EXERCISE DIRECTIONS ▸ Copy exactly the lines from the beginning of the data down to and including the line holding "Take 2 years", without any pictures.
RECORDED DATA START
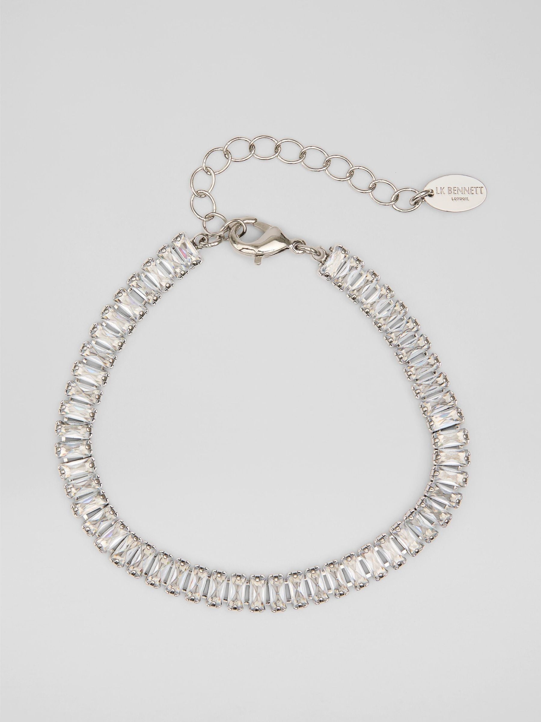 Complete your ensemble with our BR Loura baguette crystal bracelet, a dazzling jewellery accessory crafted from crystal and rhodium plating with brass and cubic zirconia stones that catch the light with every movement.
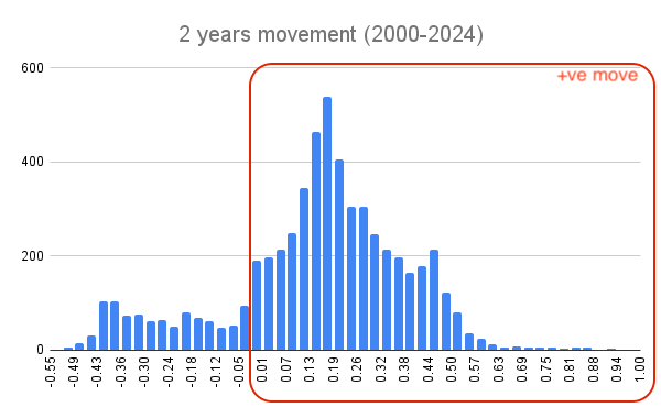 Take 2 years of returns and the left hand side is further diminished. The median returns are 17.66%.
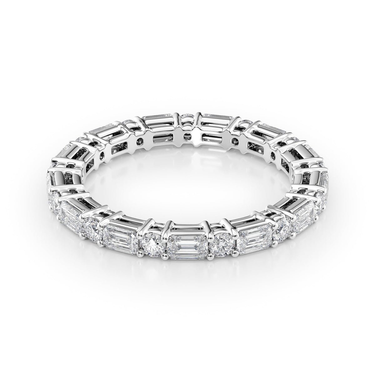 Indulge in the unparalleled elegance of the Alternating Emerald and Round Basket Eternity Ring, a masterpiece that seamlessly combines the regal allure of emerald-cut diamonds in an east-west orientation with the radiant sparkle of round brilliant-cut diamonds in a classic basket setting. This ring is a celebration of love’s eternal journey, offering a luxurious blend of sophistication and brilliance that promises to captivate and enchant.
RECORDED DATA END
RESULT OF THE TASK ▸
 Complete your ensemble with our BR Loura baguette crystal bracelet, a dazzling jewellery accessory crafted from crystal and rhodium plating with brass and cubic zirconia stones that catch the light with every movement.
 Take 2 years of returns and the left hand side is further diminished. The median returns are 17.66%.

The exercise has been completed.